= TASK BRIEF =
Out of the entries that follow, copy each line containing "only".

= RAW DATA =
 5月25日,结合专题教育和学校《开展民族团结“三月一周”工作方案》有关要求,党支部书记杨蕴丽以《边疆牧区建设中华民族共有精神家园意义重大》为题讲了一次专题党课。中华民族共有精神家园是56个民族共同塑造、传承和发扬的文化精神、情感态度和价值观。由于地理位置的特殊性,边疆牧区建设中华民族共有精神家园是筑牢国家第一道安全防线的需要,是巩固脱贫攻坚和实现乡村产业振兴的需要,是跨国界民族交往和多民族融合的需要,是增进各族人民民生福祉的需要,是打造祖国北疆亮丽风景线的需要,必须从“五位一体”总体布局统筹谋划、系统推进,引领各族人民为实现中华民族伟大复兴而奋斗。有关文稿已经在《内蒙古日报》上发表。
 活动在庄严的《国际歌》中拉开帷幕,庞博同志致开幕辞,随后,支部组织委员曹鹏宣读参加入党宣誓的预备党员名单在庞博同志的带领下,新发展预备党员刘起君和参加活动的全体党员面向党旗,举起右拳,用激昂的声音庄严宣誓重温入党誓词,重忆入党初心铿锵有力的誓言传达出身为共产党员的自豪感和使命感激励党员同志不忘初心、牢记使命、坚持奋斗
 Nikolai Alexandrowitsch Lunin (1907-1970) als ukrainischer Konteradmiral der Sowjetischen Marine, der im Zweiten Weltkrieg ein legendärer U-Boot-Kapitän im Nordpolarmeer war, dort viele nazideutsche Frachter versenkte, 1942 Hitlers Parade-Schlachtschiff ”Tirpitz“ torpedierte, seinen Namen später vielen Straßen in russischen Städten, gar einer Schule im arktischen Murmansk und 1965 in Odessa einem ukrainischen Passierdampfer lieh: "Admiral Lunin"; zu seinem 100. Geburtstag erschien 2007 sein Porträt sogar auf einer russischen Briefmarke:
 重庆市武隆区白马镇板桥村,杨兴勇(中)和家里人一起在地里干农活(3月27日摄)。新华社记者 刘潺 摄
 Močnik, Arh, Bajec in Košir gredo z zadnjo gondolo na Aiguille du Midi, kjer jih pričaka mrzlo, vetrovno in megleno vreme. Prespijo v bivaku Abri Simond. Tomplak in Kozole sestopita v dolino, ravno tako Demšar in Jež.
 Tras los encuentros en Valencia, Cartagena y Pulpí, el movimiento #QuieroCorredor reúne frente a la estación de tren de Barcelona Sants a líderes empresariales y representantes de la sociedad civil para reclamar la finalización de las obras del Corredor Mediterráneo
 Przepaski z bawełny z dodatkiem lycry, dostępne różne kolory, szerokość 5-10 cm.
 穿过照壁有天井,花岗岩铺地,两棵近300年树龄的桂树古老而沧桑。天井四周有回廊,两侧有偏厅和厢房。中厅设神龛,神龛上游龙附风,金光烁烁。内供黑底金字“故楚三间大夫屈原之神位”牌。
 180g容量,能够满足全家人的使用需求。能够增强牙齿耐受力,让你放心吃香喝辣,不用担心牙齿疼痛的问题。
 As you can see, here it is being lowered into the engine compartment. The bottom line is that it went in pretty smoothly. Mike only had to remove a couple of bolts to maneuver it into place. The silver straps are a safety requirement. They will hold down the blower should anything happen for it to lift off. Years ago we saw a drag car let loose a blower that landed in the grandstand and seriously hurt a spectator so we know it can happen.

...

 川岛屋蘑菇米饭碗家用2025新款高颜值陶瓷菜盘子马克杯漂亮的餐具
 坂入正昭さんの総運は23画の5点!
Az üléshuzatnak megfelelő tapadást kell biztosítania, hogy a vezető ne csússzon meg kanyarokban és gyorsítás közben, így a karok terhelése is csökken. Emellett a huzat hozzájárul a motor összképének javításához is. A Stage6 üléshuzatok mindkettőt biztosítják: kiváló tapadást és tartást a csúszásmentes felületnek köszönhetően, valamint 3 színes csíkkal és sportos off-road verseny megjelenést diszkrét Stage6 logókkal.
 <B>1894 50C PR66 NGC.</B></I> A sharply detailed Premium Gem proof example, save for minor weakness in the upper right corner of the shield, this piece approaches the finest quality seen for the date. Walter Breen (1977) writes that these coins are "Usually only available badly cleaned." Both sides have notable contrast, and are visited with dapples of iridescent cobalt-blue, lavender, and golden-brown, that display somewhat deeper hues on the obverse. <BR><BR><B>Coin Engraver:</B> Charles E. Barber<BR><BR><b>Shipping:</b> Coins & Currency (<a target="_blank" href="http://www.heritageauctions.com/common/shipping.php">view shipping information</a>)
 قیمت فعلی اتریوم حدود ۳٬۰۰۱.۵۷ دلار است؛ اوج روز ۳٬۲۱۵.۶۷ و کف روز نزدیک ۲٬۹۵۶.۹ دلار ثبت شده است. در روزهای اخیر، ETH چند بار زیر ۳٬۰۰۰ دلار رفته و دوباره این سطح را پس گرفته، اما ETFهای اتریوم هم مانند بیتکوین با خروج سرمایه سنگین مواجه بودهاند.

* * *

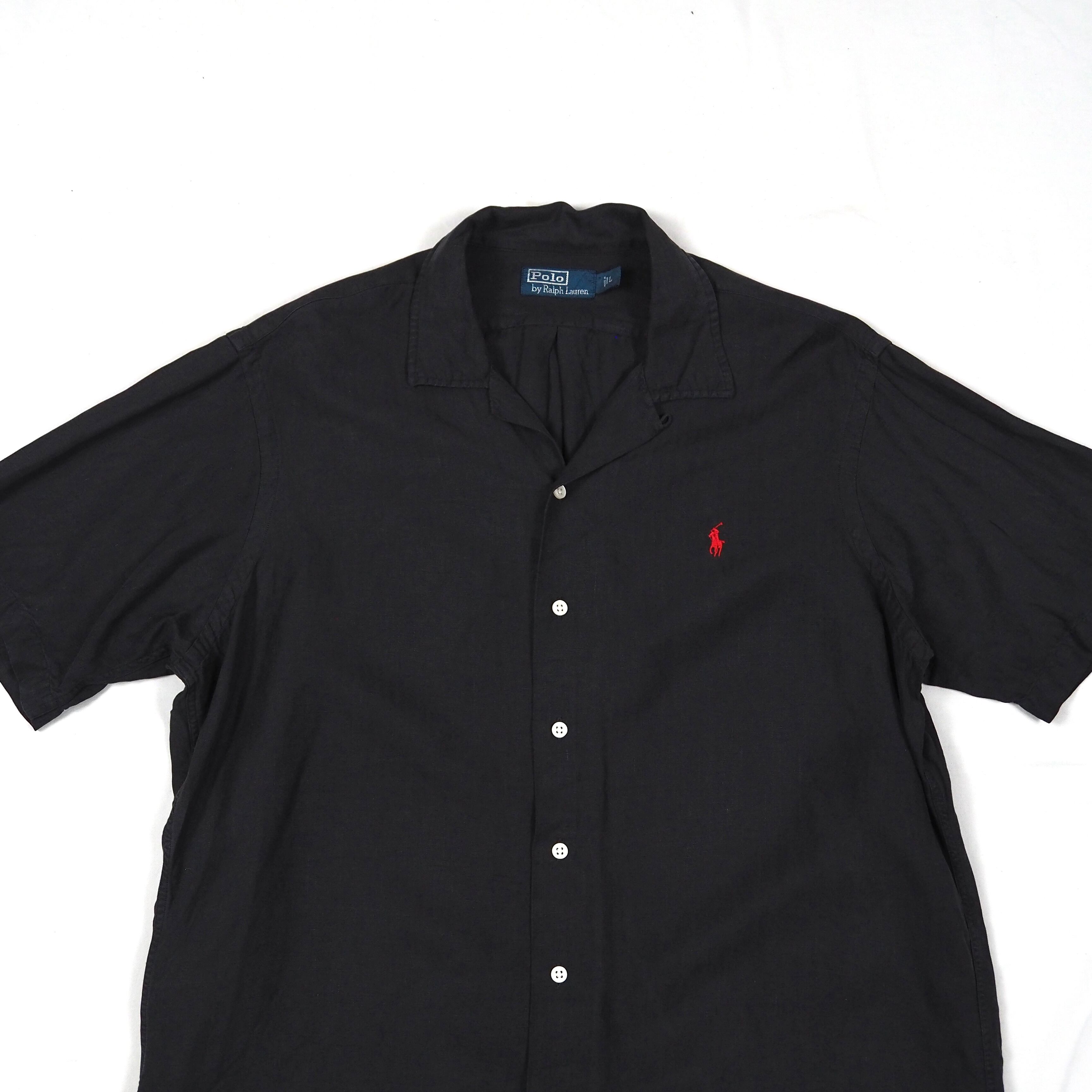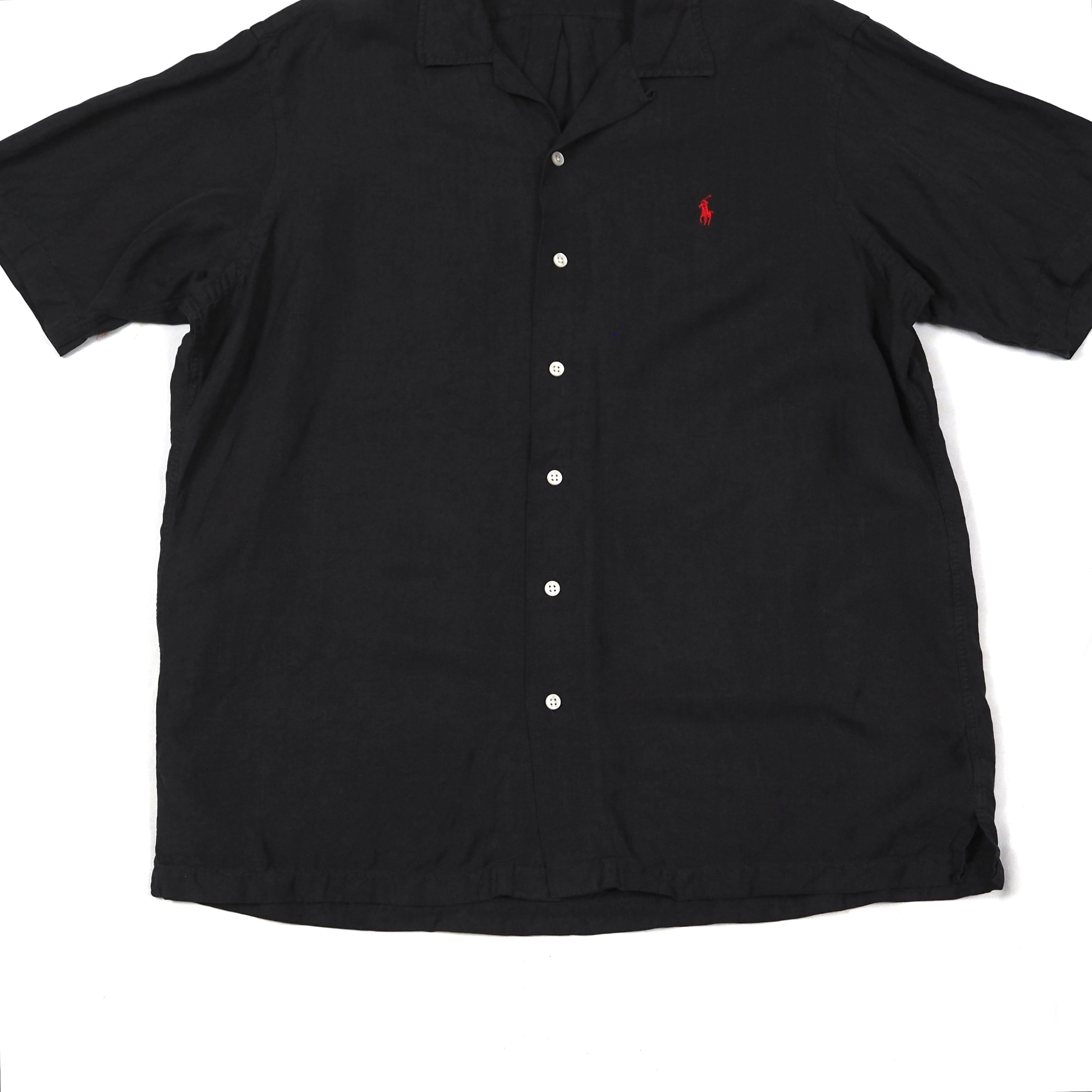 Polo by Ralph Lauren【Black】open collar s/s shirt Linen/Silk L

= RESULT OF THIS TASK =
 As you can see, here it is being lowered into the engine compartment. The bottom line is that it went in pretty smoothly. Mike only had to remove a couple of bolts to maneuver it into place. The silver straps are a safety requirement. They will hold down the blower should anything happen for it to lift off. Years ago we saw a drag car let loose a blower that landed in the grandstand and seriously hurt a spectator so we know it can happen.
 <B>1894 50C PR66 NGC.</B></I> A sharply detailed Premium Gem proof example, save for minor weakness in the upper right corner of the shield, this piece approaches the finest quality seen for the date. Walter Breen (1977) writes that these coins are "Usually only available badly cleaned." Both sides have notable contrast, and are visited with dapples of iridescent cobalt-blue, lavender, and golden-brown, that display somewhat deeper hues on the obverse. <BR><BR><B>Coin Engraver:</B> Charles E. Barber<BR><BR><b>Shipping:</b> Coins & Currency (<a target="_blank" href="http://www.heritageauctions.com/common/shipping.php">view shipping information</a>)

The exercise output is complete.